Page MenuHomePhabricator

growthexperiments-refreshlinkrecommendations periodic jobs error out on search too busy
Open, HighPublicPRODUCTION ERROR

Description

Error
trace
RuntimeException from line 328 of /srv/mediawiki/php-1.45.0-wmf.2/extensions/GrowthExperiments/maintenance/refreshLinkRecommendations.php: Search error: Search is currently too busy. Please try again later.
#0 /srv/mediawiki/php-1.45.0-wmf.2/extensions/GrowthExperiments/maintenance/refreshLinkRecommendations.php(435): GrowthExperiments\Maintenance\RefreshLinkRecommendations->findArticlesInTopic('visual-arts')
#1 /srv/mediawiki/php-1.45.0-wmf.2/extensions/GrowthExperiments/maintenance/refreshLinkRecommendations.php(148): GrowthExperiments\Maintenance\RefreshLinkRecommendations->refreshViaOresTopics(false)
#2 /srv/mediawiki/php-1.45.0-wmf.2/maintenance/includes/MaintenanceRunner.php(691): GrowthExperiments\Maintenance\RefreshLinkRecommendations->execute()
#3 /srv/mediawiki/php-1.45.0-wmf.2/maintenance/run.php(51): MediaWiki\Maintenance\MaintenanceRunner->run()
#4 /srv/mediawiki/multiversion/MWScript.php(221): require_once('/srv/mediawiki/...')
#5 {main}
Impact

Since we exit the foreachwiki loop on error, the run stops. Subsequent runs usually work, but it creates alert noise.

Notes

We can use T395245: Add a flag to the mwscript wrapper to set +e when required to continue running on error, at the risk of obscuring repeated failure. Another option would be for Growth-Team
to implement retries on the Search error RuntimeException

Event Timeline

Clement_Goubert triaged this task as High priority.

@Clement_Goubert: Retries sound like the preferred solution if we can implement them in a sensible way. Could you point me to an example where they have been implemented particularly well?

I agree with prioritizing this as "High" because ideally we get some mitigation in place soon. Otherwise, we have a lot of alert-noise in our internal Growth engineering channel that distracts from actual errors and trains us in alert fatigue.

@Michael I'm not well versed enough in MediaWiki code to know where retries are implemented, but I imagine a loop with a try-catch for the search exception, exponential backoff and a limit for the number of retries would be the general pattern.

@Clement_Goubert: Retries sound like the preferred solution if we can implement them in a sensible way.
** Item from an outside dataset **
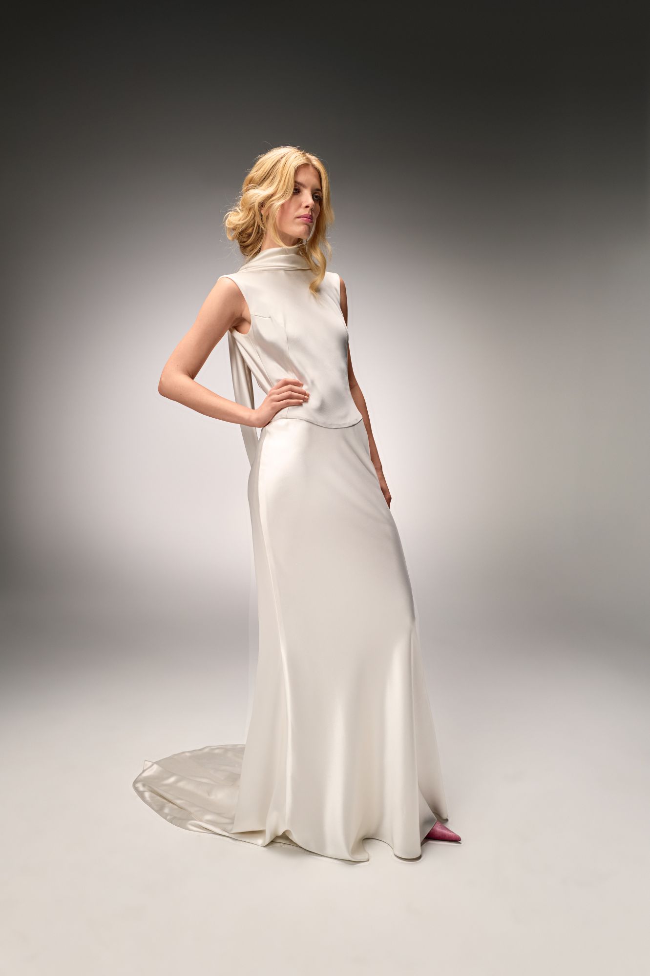 Price available on requestSilk Charmeuse High-Neck, Drop-Waist Bias Gown with Dramatic Low Back & Plunge Drape

Could you point me to an example where they have been implemented particularly well?

A good example of what a retry logic can look like is https://doc.wikimedia.org/wmflib/master/api/wmflib.decorators.html#wmflib.decorators.retry, which is used as base for our automation.

Change #1150711 had a related patch set uploaded (by Clément Goubert; author: Clément Goubert):

[operations/puppet@production] mw::maintenance::growthexperiment: Ignore foreachwiki errors

https://gerrit.wikimedia.org/r/1150711

Change #1150711 merged by Clément Goubert:

[operations/puppet@production] mw::maintenance::growthexperiment: Ignore foreachwiki errors

https://gerrit.wikimedia.org/r/1150711

The loop for this job now ignores errors and continues, as it was in the old wrapper.

I have deleted the failed jobs to clear alerting.